Five steps to inclusive leadership

SEEMA Method put human dignity at the center. When you place employees at the center and make diversity and equality about them, you will earn their respect. Through good diversity management, you apply diversity and cultural differences among employees to create value.

When we talk about leading a diverse staff of employees, we can also talk about the leader’s degree of diversity- maturity. The SEEMA Method identifies the individual leader’s layers of diversity. You will want to allow your employees to be themselves, to help them grow and expand their potential, insight, and diversity competence at work.

SEEING
We need to see past the labels we put on people—gender, race, nationality, disability, sexual orientation, age—to the real person underneath. We need to have this as a goal, to see the unique and beautiful individuals.
ENGAGING
Each of us knows how it feels to be in the minority because each of us has been in that position at one time or another; this means that we have within us the ability to deal with diversity.
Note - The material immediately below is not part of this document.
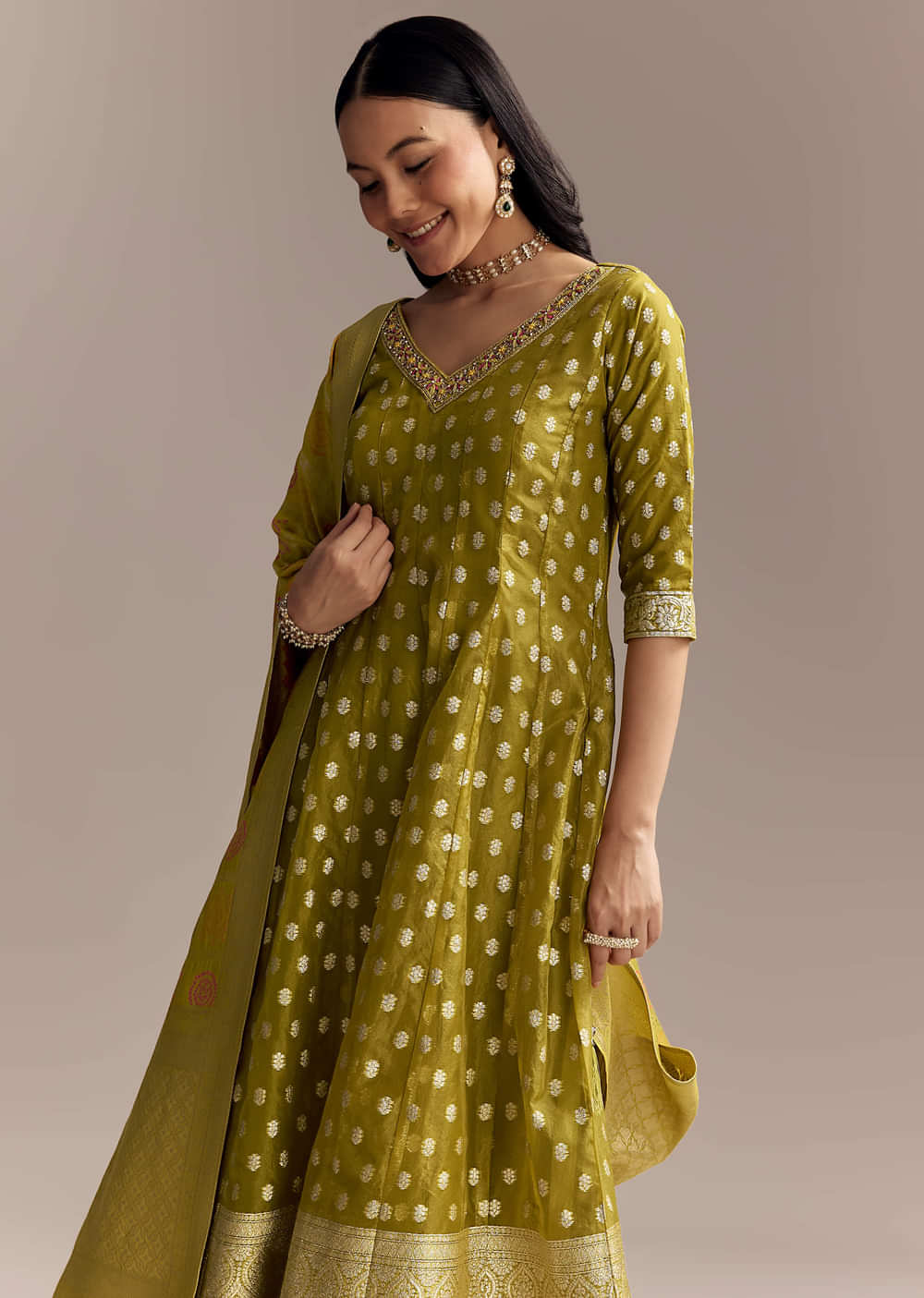 Mehendi Green Jacquard Anarkali Suit With Woven Brocade Dupatta

The SEEMA Method is all about harnessing this ability to be better at engaging with others in confidence so that we can identify with their experience.
EQUALIZING
The SEEMA Method goes even further. It guides us to move beyond what we have in common with others and embrace each individual’s uniqueness. Rather than attempting to melt employees into a giant pot of similarity, the most successful companies encourage workers to connect across what they have in common and learn from one another’s different points of view.
MANAGING
It falls to management to set the tone. Leaders develop what we call diversity-maturity. Having built their skills at celebrating both the commonalities and the differences between themselves and others, they develop strategies, action plans, training programs, support schemes, and mentoring schemes to encourage diversity competence in leaders at all levels in their organization and to make all employees responsible for building an inclusive culture in the organization.
ACTING
The organization then stands poised to tap into the full potential of diversity in growing the company in many more
ways than bragging rights about quota numbers. A company that wants to expand abroad, for example, hit new markets, or even just develop more innovative products for a specific clientele back home will find it much easier to do these things if it has reached diversity-maturity.